### Assignment
Data follows below. Repeat exactly the lines between the line holding "Relaxdays, vit/brun golvlampa" and the line holding "Blijf op de", inclusive, and nothing more; drop pictures.

### Records for this exercise
******
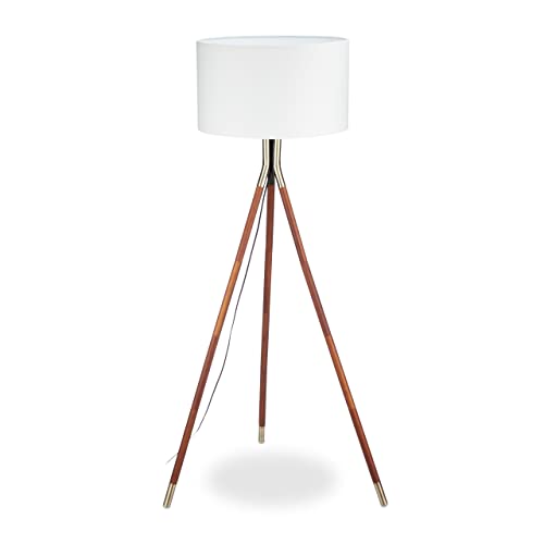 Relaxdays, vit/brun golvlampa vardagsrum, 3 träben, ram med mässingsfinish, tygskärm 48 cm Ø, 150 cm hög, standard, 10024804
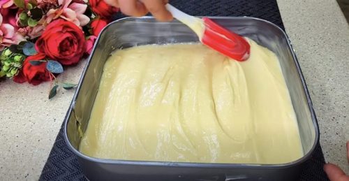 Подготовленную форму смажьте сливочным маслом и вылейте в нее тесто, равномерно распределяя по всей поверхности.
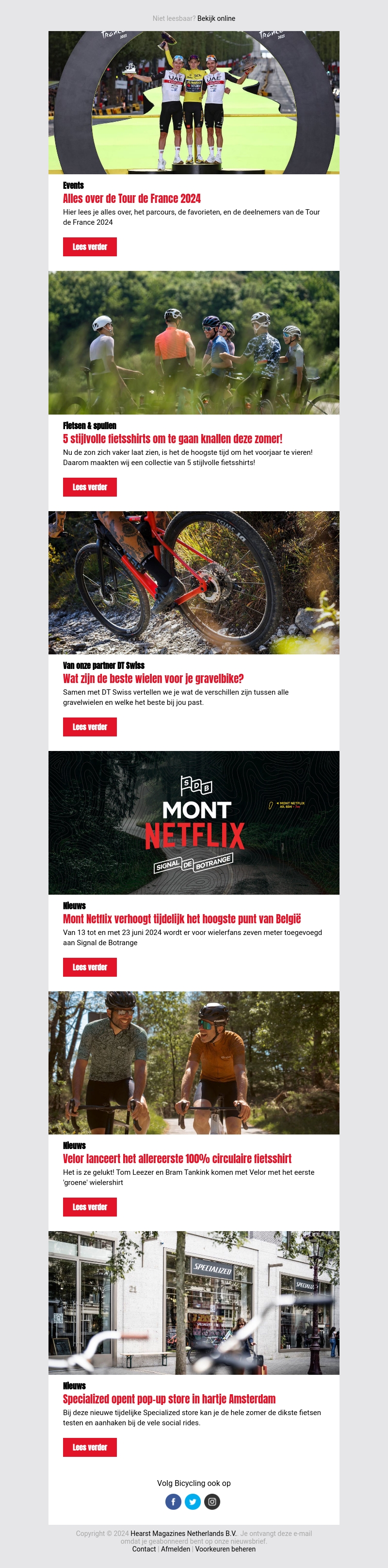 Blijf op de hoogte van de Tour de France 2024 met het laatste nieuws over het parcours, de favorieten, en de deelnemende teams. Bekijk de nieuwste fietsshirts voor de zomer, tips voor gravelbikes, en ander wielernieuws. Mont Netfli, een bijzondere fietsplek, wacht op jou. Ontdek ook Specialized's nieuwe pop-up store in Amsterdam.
******
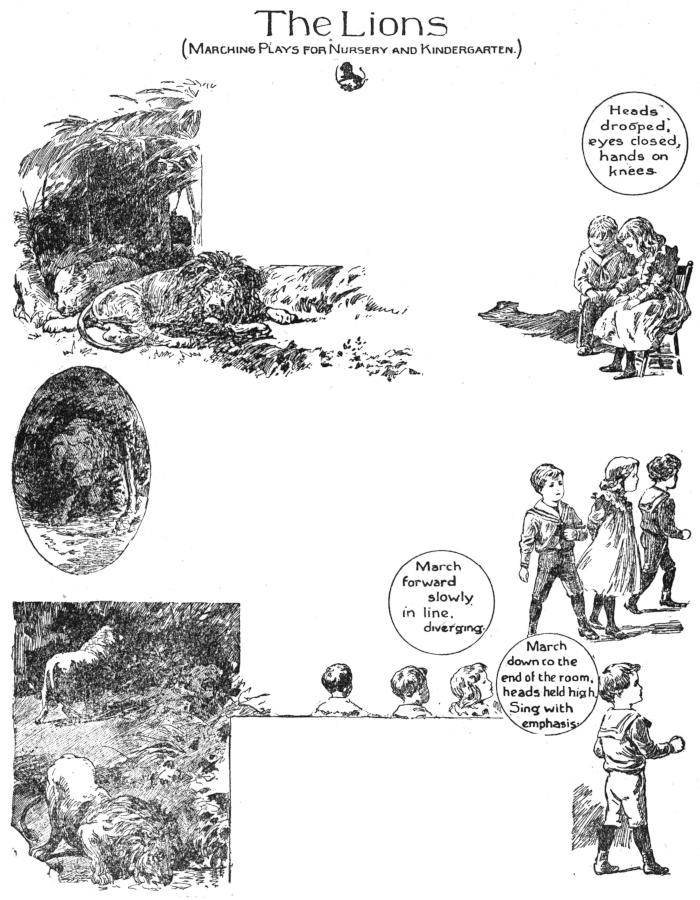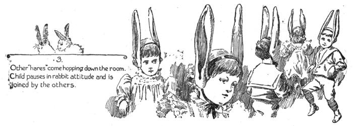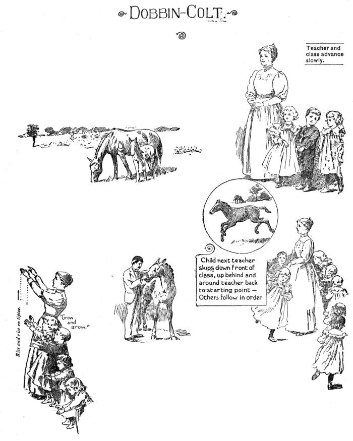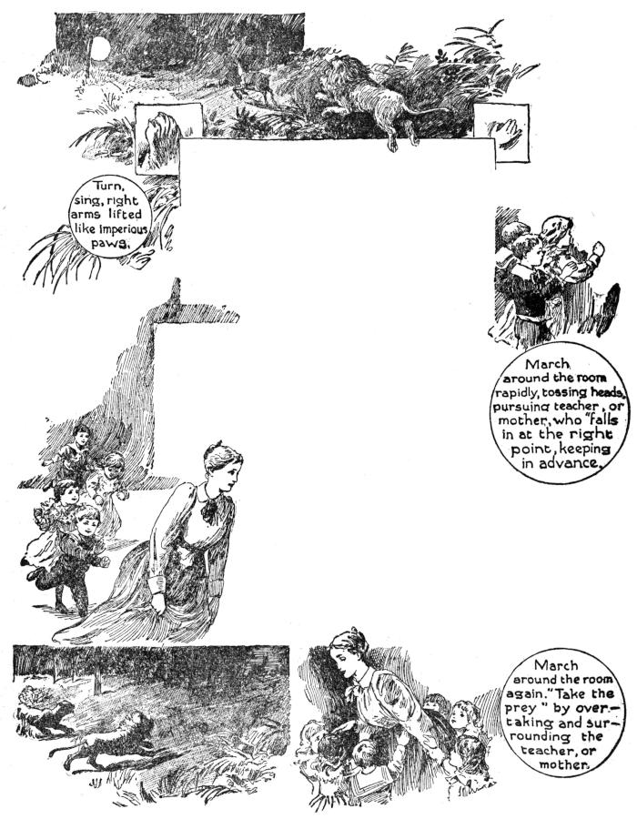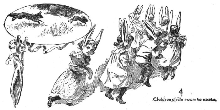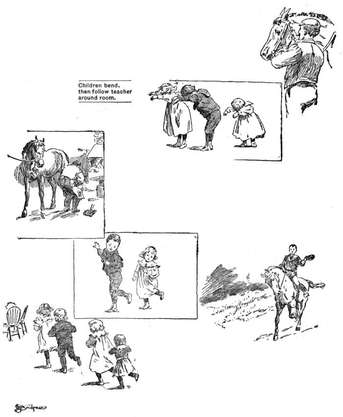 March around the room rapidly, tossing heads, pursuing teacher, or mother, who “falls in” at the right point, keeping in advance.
******
### Answer
 Relaxdays, vit/brun golvlampa vardagsrum, 3 träben, ram med mässingsfinish, tygskärm 48 cm Ø, 150 cm hög, standard, 10024804
 Подготовленную форму смажьте сливочным маслом и вылейте в нее тесто, равномерно распределяя по всей поверхности.
 Blijf op de hoogte van de Tour de France 2024 met het laatste nieuws over het parcours, de favorieten, en de deelnemende teams. Bekijk de nieuwste fietsshirts voor de zomer, tips voor gravelbikes, en ander wielernieuws. Mont Netfli, een bijzondere fietsplek, wacht op jou. Ontdek ook Specialized's nieuwe pop-up store in Amsterdam.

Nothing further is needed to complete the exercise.